ADR-0037: Hypothesis-Driven Agent Loops — Scientific Reasoning on Knowledge Graphs

  • Status: Accepted (2026-04-19)
  • Date: 2026-04-18

Context

Trails ships three planning strategies (ADR-0018): ReAct (reason+act), Plan-and-Execute (decompose→dispatch→merge), and Reflexion (inner loop + critic). All three are task-completion planners — given a goal, they try tool calls until they arrive at an answer.

Knowledge graphs, however, invite a fundamentally different interaction pattern: scientific reasoning. An analyst does not just "find me the answer"; they observe patterns in the data, formulate a hypothesis about why the pattern exists (or what else must be true if it does), design a test that would confirm or refute the hypothesis, execute the test, update their confidence, and report with citations to the specific KG nodes that support the conclusion.

No existing planner in Trails — or, to our knowledge, any KG framework — ships a first-class hypothesis loop. The gap shows up in three concrete use cases:

  1. Root-cause analysis. An engineer sees anomalous triples in a supply-chain KG. The agent should propose candidate explanations, test each against the graph, and report the most-supported one — not just run a SPARQL query and return the result set.
  2. Data quality investigation. SHACL reports 47 violations. A human wants to know why — is it a single upstream source, a mapping bug, or a schema drift? The agent should formulate competing hypotheses and test them.
  3. Research assistance. A researcher exploring an academic KG asks "what factors correlate with X?" The agent should iterate: observe → hypothesize → test → refine, producing a grounded, citable report rather than a one-shot LLM hallucination.

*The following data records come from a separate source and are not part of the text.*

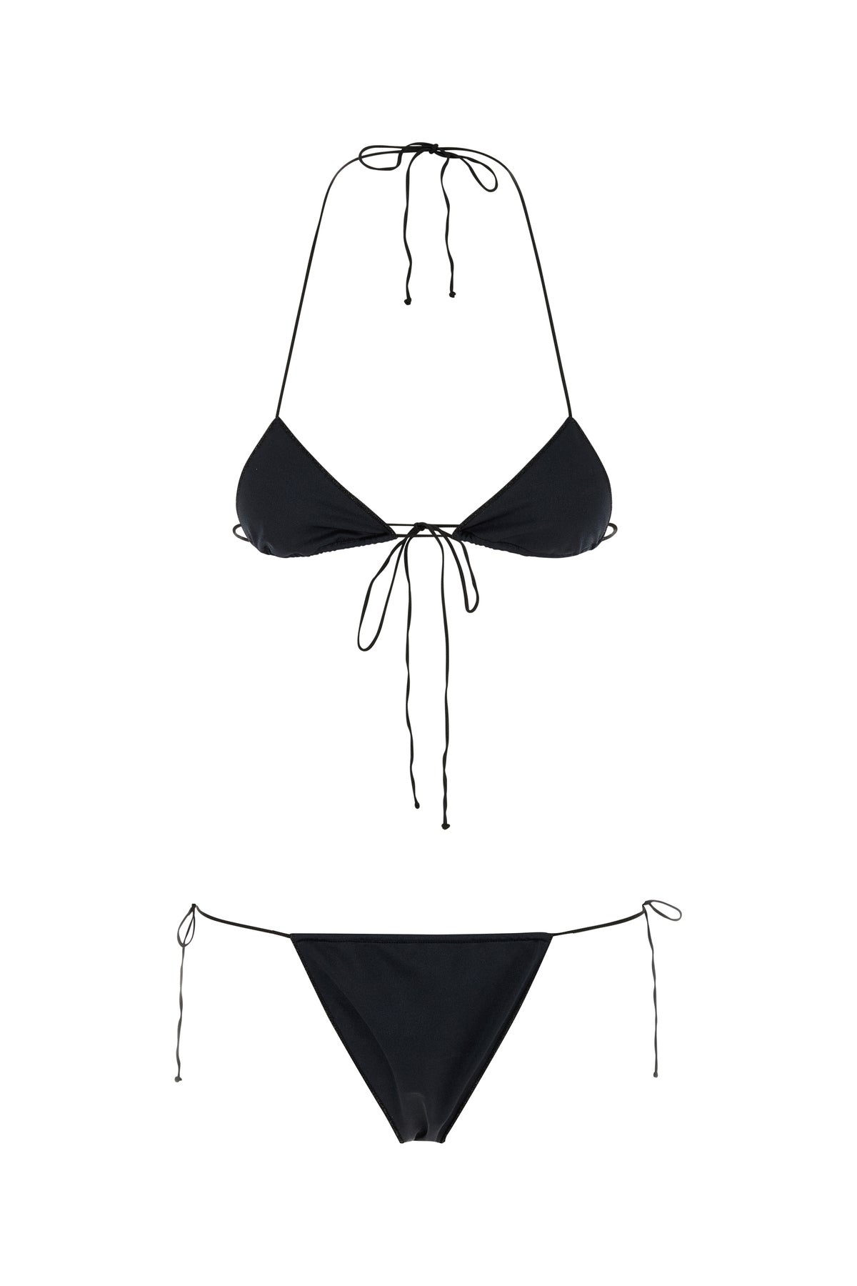 Bikini realized in stretch nylon enriched by rhinestone logo at the back. - Triangle bikini top - Adjustable bikini bottom - Lined DETAILS Black stretch nylon bikini Exterior: 80% Nylon 20% Elastane Lining: 80% Nylon 20% Elastane Made in italy Sample size: S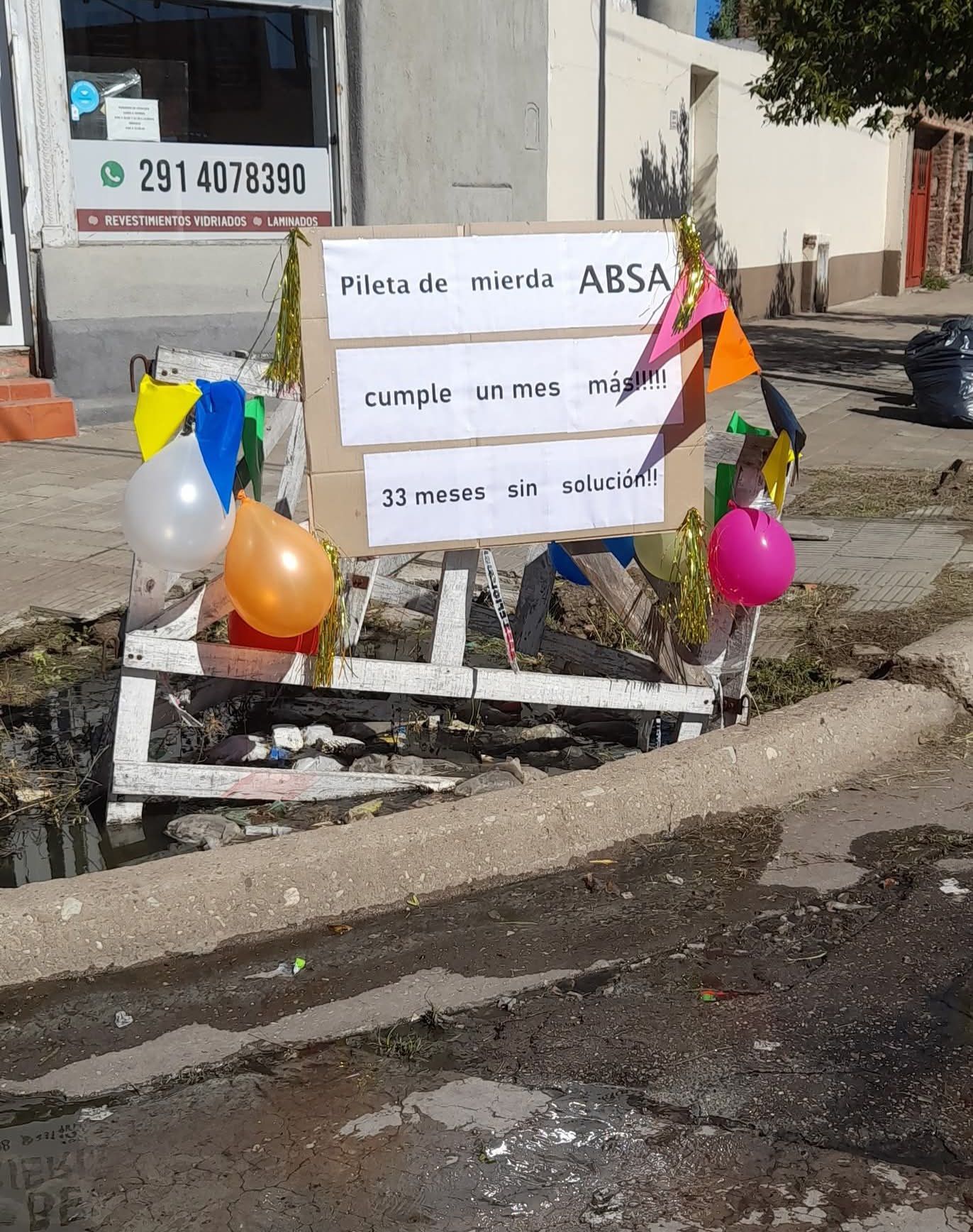 “33 meses sin solución”, dice un cartel con globos colocado en esa esquina con liquidos cloacales.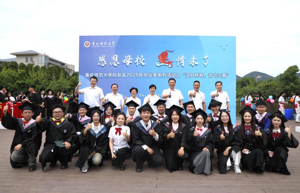 在中国文化中,锦鲤象征吉祥如意,“鲤鱼跃龙门” 的典故更寓意着逆流而上、拼搏进取。此次活动不仅是对毕业生的深情送别,更寄托着母校的美好祝愿:愿 2025 届毕业生秉持重师校训,在人生新征程中如锦鲤般顺遂通达,在各自领域发光发热,为社会发展、国家富强和人类进步贡献重师人的智慧与力量!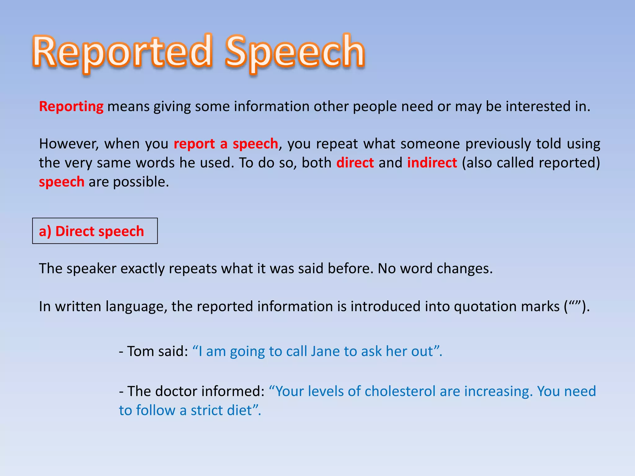 1) Reporting means relaying information that others have said using either direct or indirect speech.
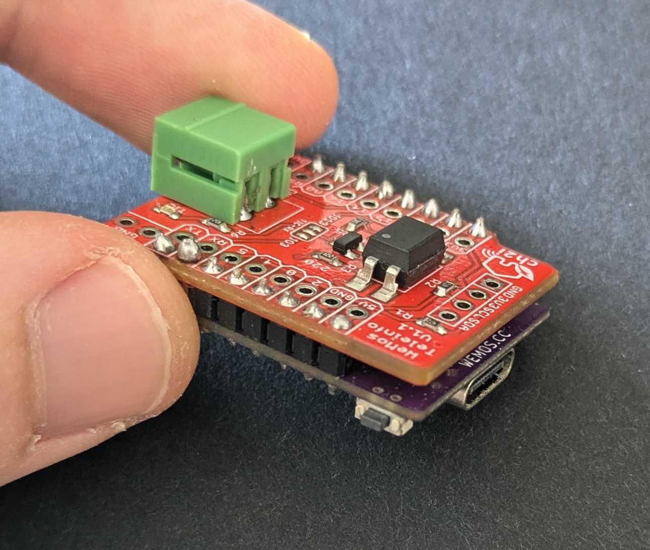 Le shield soudé sur un Wimos S2 Mini.
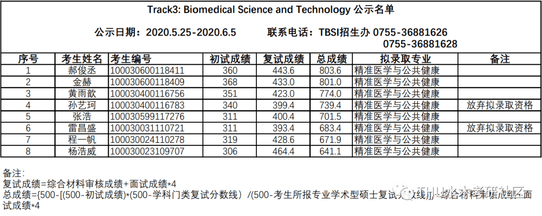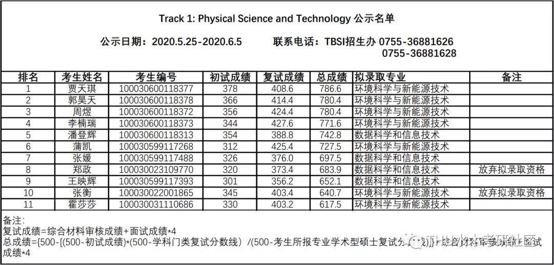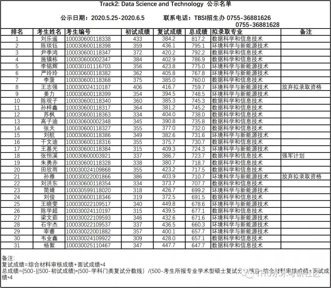 清华大学考研辅导班:2020年清华-伯克利深圳学院硕士研究生拟录取公示名单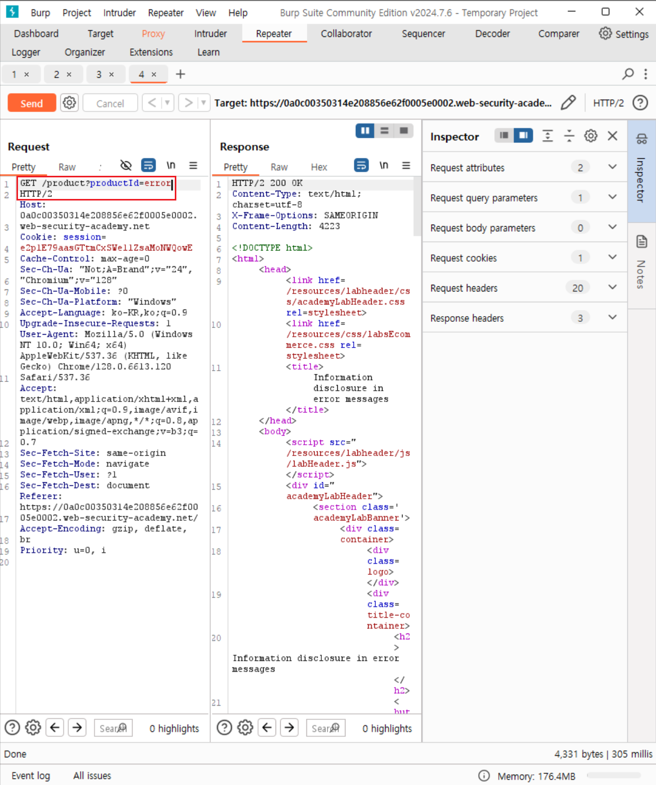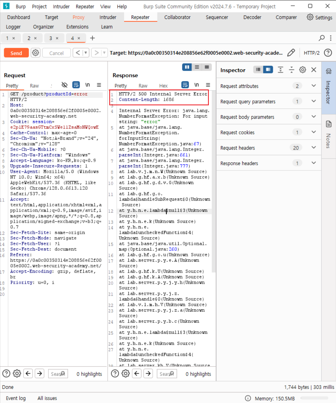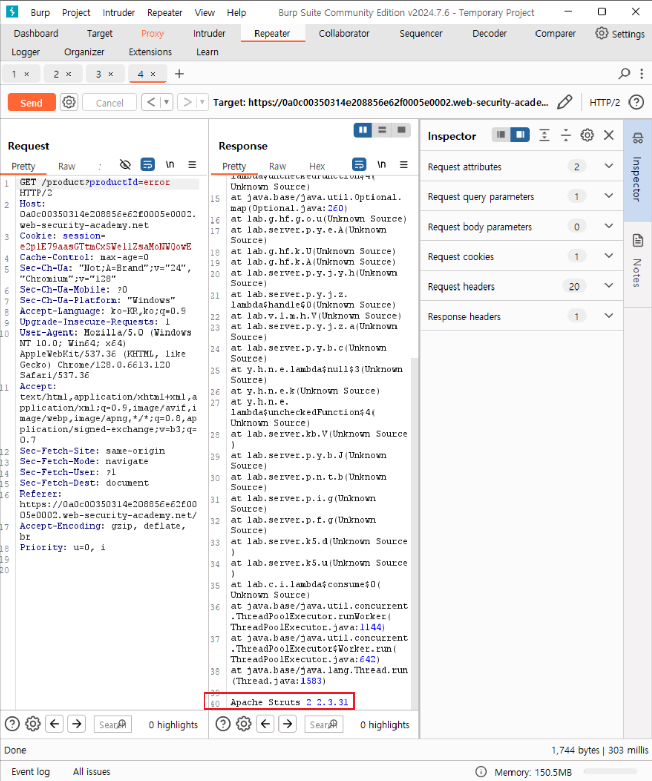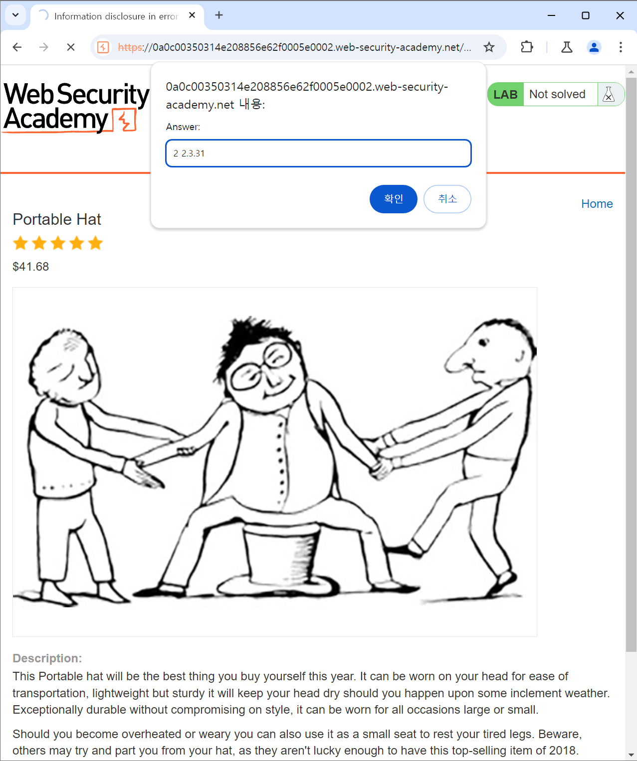 해당 실습은 에러발생 시 취약한 버전의 서드파티 프레임워크가 노출되는 것을 확인하는 실습이다. ACCESS THE LAB 버튼을 클릭하여 실습사이트로 이동할수있다.

The existing planners can be prompted toward this behaviour, but they lack the structure to track hypotheses as first-class objects, propagate confidence, or produce grounded citations. Bolting these on as prompt engineering is fragile and invisible to auditors.

Decision

1. New planner type: hypothesis

A new module trails.agent.planners.hypothesis ships alongside react, plan_and_execute, and reflexion. It follows the same PlanningStrategy protocol (same run() signature shape, returns PlanResult), so it slots into the existing session infrastructure with zero changes to the harness.

2. Hypothesis lifecycle

Each hypothesis passes through a five-phase cycle:

Observe KG → Formulate hypothesis → Design test → Execute test → Update confidence

Phase details:

  • Observe: Query the KG (via ctx.kg.query()) with a broad exploratory SPARQL query generated or selected by the LLM. The result is summarized and fed back as context.
  • Hypothesize: The LLM proposes a testable statement based on the observations. Stored as a Hypothesis dataclass with status=proposed, confidence=0.5 (uninformative prior).
  • Test: The LLM designs a SPARQL query or capability call that would produce evidence for or against the hypothesis. Executed via ctx.kg.query() or invoke().
  • Update: Based on test results, the LLM adjusts confidence (always clamped to [0, 1]). If confidence >= min_confidencestatus=supported. If confidence drops below a refutation threshold or the LLM explicitly refutes → status=refuted. Otherwise status=testing and the loop continues.
  • Report: Once a hypothesis is supported (or all are exhausted), generate a natural-language report with inline citations to KG nodes.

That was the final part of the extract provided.